- _What needs to be done_:
Quote the whole listing exactly. Leave the pictures out of your copy.

- _Information supplied_:
__________________________________________________
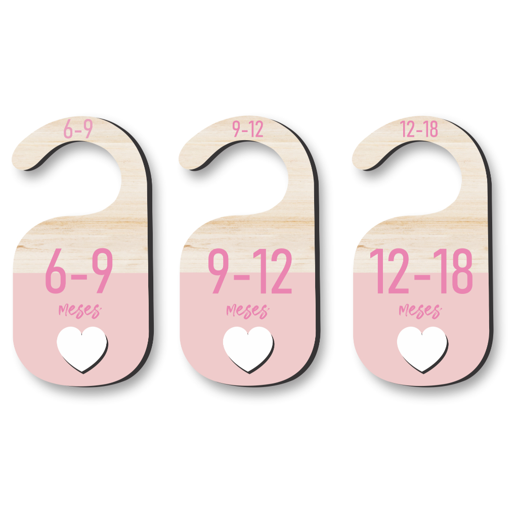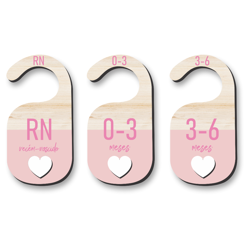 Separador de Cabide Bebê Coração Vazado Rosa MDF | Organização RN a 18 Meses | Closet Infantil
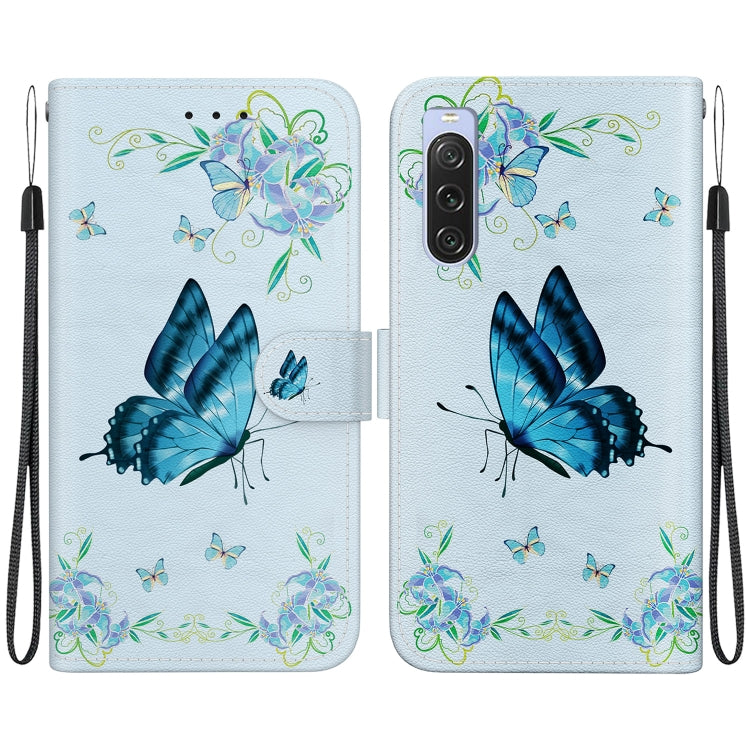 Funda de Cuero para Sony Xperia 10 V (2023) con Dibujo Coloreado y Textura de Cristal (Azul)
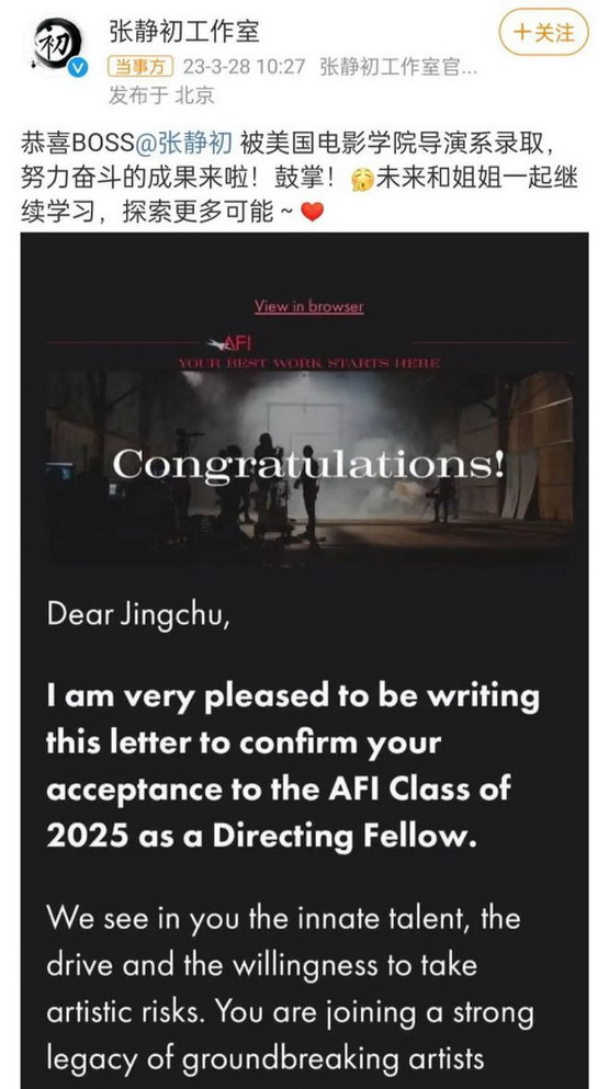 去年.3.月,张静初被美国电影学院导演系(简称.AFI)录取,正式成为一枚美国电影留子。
__________________________________________________
- _Task solution_:
 Separador de Cabide Bebê Coração Vazado Rosa MDF | Organização RN a 18 Meses | Closet Infantil
 Funda de Cuero para Sony Xperia 10 V (2023) con Dibujo Coloreado y Textura de Cristal (Azul)
 去年.3.月,张静初被美国电影学院导演系(简称.AFI)录取,正式成为一枚美国电影留子。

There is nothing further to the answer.